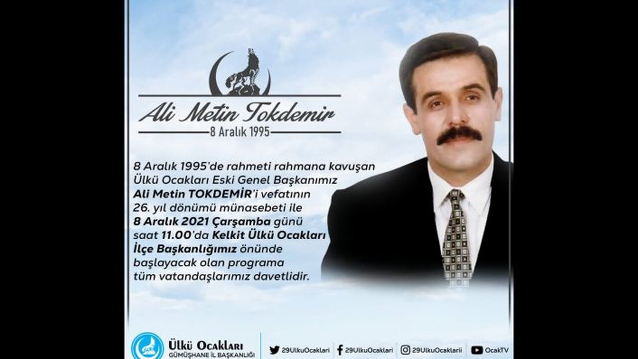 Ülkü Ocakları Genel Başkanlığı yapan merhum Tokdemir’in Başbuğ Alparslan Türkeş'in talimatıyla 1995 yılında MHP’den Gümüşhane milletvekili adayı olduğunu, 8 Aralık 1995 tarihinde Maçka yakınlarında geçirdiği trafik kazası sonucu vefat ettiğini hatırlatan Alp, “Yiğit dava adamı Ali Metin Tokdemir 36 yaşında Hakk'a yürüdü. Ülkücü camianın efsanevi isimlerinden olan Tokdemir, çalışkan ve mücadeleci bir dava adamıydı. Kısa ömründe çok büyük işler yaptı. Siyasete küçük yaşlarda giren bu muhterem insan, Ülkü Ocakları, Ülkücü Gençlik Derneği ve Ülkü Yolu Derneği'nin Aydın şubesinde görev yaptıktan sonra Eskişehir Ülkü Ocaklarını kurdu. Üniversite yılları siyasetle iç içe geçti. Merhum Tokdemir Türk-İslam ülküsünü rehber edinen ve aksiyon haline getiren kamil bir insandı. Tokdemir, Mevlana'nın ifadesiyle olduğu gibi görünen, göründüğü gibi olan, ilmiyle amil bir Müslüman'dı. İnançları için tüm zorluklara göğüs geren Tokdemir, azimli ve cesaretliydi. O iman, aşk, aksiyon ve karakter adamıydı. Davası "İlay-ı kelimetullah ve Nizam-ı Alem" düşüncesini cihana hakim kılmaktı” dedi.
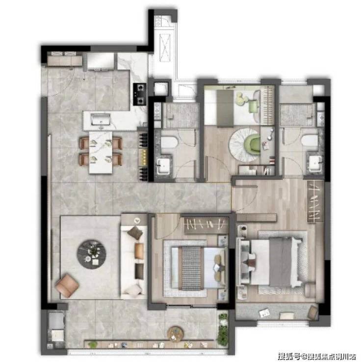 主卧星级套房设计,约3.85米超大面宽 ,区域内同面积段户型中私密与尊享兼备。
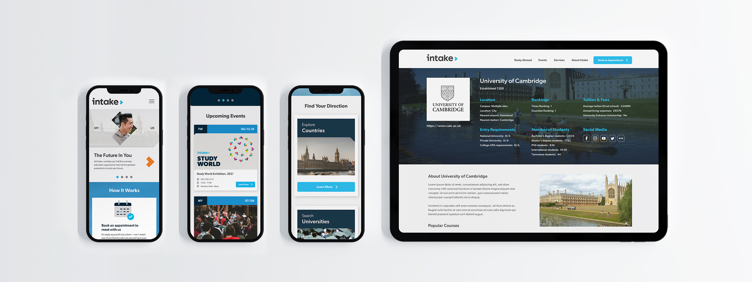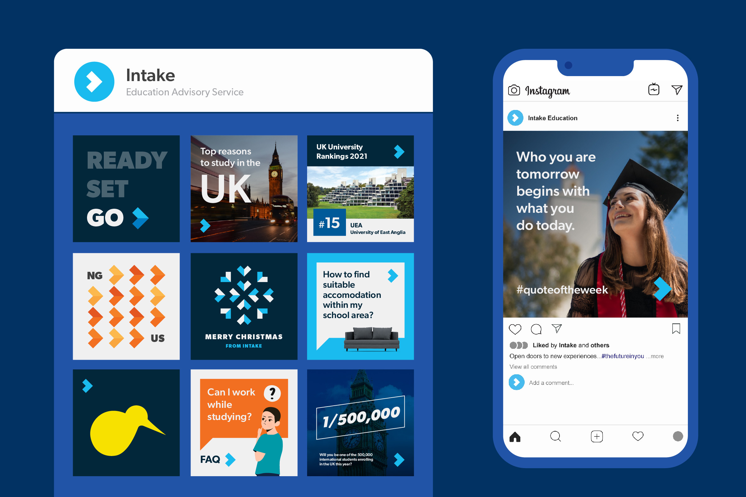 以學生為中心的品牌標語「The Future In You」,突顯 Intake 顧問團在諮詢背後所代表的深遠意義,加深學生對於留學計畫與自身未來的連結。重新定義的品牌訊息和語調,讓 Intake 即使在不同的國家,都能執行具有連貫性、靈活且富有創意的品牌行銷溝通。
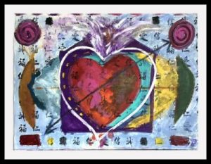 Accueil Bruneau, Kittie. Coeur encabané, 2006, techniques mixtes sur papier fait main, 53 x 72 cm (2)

------------------------------------------------------------

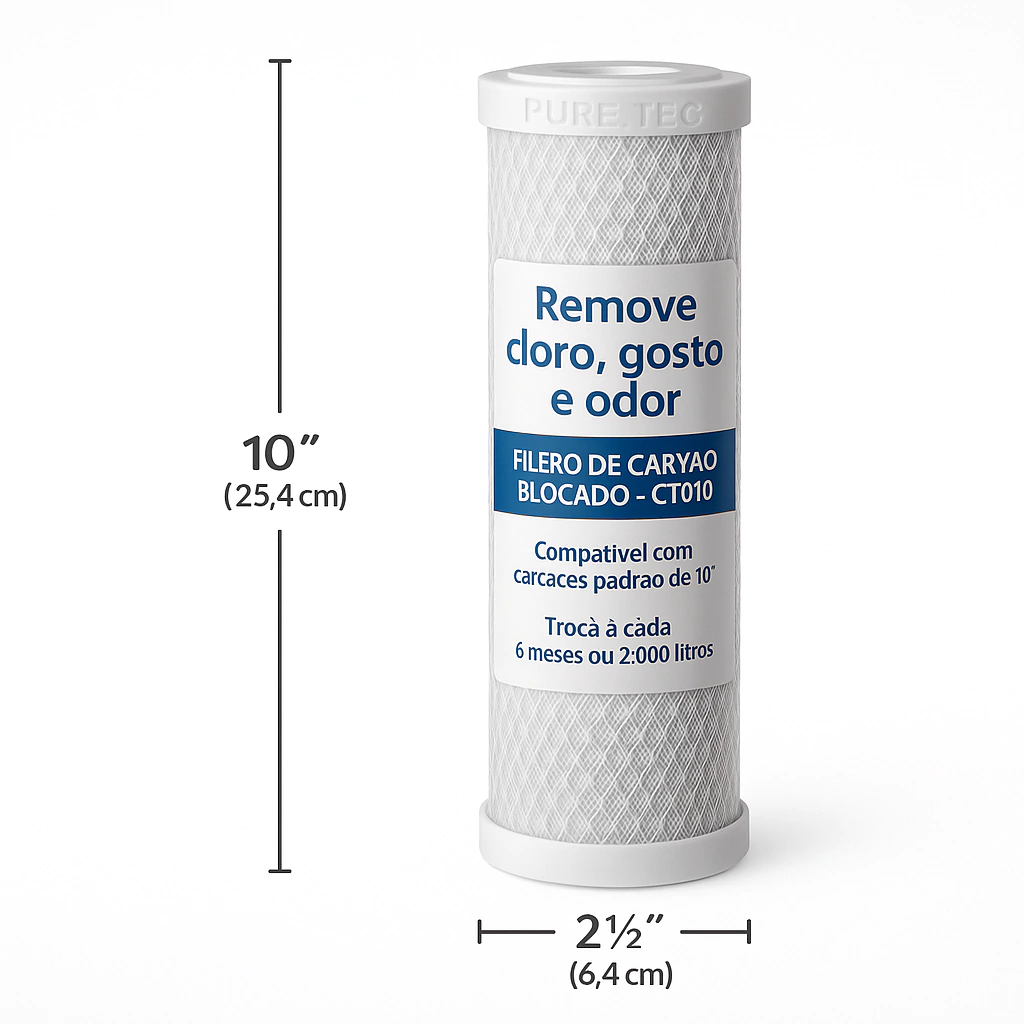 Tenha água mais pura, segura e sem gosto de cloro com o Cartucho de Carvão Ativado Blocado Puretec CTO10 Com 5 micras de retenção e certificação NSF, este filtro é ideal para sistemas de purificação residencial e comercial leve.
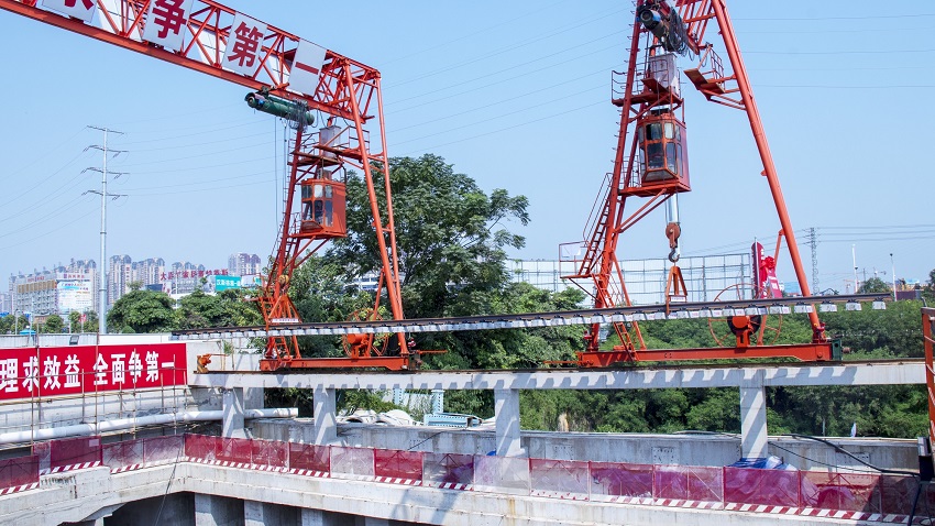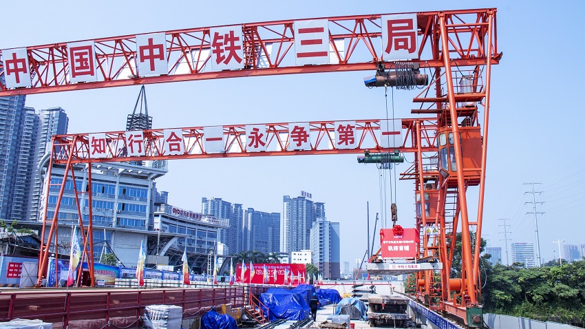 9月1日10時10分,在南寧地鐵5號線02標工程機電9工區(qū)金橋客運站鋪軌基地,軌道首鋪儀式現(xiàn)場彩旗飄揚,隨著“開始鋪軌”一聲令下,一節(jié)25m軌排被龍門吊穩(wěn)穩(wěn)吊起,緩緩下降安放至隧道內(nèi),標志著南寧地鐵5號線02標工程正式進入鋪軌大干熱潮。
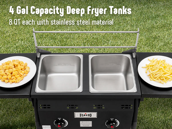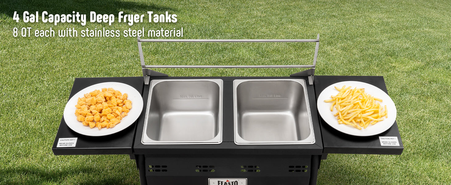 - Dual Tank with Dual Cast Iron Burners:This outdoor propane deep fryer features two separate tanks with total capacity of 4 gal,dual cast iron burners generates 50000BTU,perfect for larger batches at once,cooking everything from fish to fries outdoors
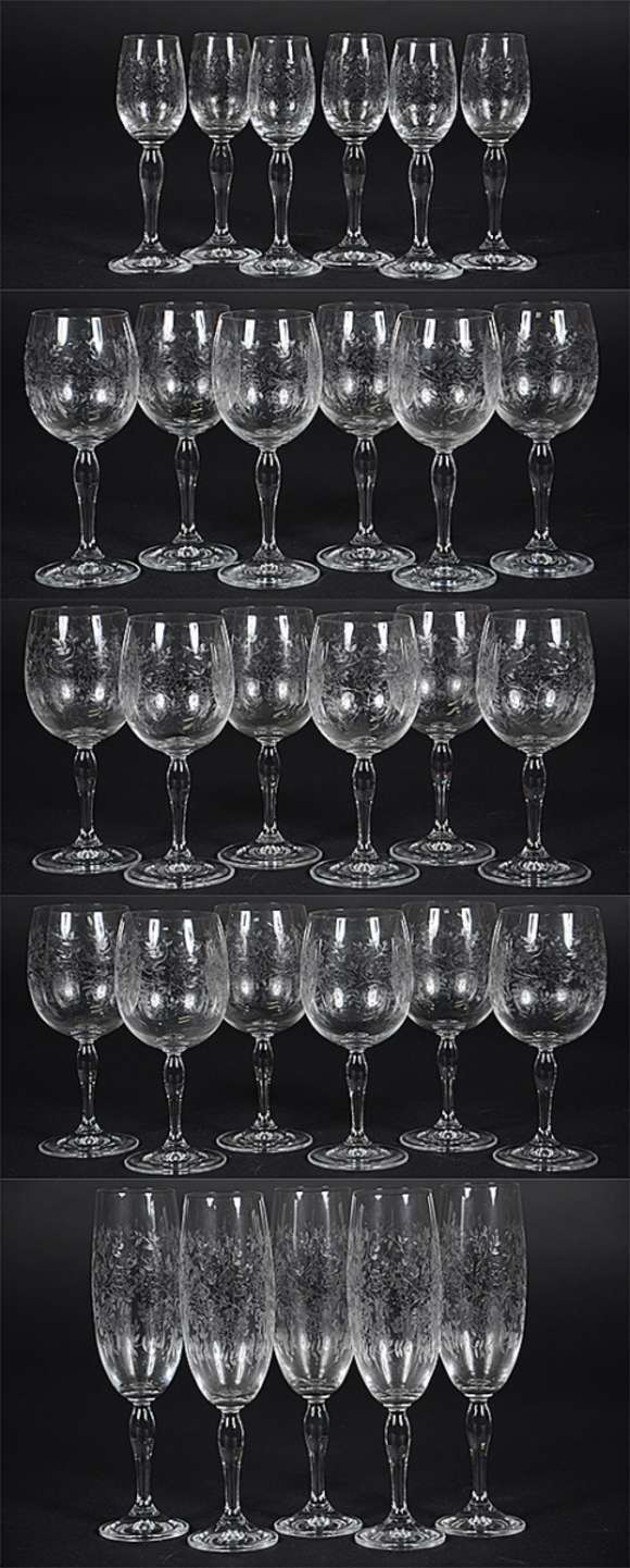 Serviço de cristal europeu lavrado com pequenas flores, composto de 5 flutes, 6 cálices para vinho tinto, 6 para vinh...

------------------------------------------------------------

◆ **EXERCISE DETAILS**: Copy everything above from the line holding "Tenha água mais" down to the line holding "Serviço de cristal", both ends included, exactly as it stands and without the pictures.

◆ **EXERCISE RESPONSE**:
 Tenha água mais pura, segura e sem gosto de cloro com o Cartucho de Carvão Ativado Blocado Puretec CTO10 Com 5 micras de retenção e certificação NSF, este filtro é ideal para sistemas de purificação residencial e comercial leve.
 9月1日10時10分,在南寧地鐵5號線02標工程機電9工區(qū)金橋客運站鋪軌基地,軌道首鋪儀式現(xiàn)場彩旗飄揚,隨著“開始鋪軌”一聲令下,一節(jié)25m軌排被龍門吊穩(wěn)穩(wěn)吊起,緩緩下降安放至隧道內(nèi),標志著南寧地鐵5號線02標工程正式進入鋪軌大干熱潮。
 - Dual Tank with Dual Cast Iron Burners:This outdoor propane deep fryer features two separate tanks with total capacity of 4 gal,dual cast iron burners generates 50000BTU,perfect for larger batches at once,cooking everything from fish to fries outdoors
 Serviço de cristal europeu lavrado com pequenas flores, composto de 5 flutes, 6 cálices para vinho tinto, 6 para vinh...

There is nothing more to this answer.